— RECORDS PROVIDED —
####

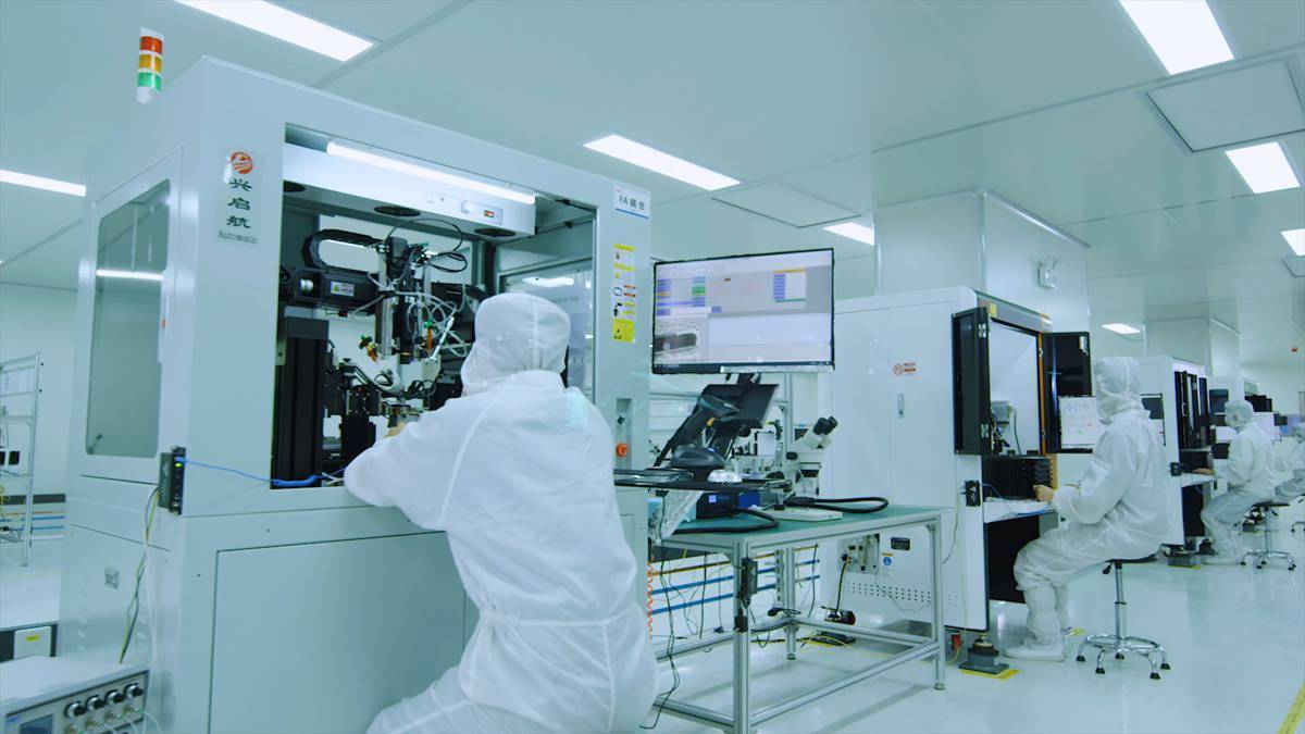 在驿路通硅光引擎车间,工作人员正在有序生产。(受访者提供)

####

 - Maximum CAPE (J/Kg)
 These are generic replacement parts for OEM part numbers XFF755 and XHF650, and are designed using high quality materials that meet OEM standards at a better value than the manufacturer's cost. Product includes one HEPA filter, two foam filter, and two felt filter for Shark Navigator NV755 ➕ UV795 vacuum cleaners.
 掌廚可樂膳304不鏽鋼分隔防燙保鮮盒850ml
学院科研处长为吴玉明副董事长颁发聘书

####

All lines above from the one holding "- Maximum CAPE (J/Kg)" to the one holding "学院科研处长为吴玉明副董事长颁发聘书", inclusive, are to be copied exactly; no other line is wanted.

 - Maximum CAPE (J/Kg)
 These are generic replacement parts for OEM part numbers XFF755 and XHF650, and are designed using high quality materials that meet OEM standards at a better value than the manufacturer's cost. Product includes one HEPA filter, two foam filter, and two felt filter for Shark Navigator NV755 ➕ UV795 vacuum cleaners.
 掌廚可樂膳304不鏽鋼分隔防燙保鮮盒850ml
学院科研处长为吴玉明副董事长颁发聘书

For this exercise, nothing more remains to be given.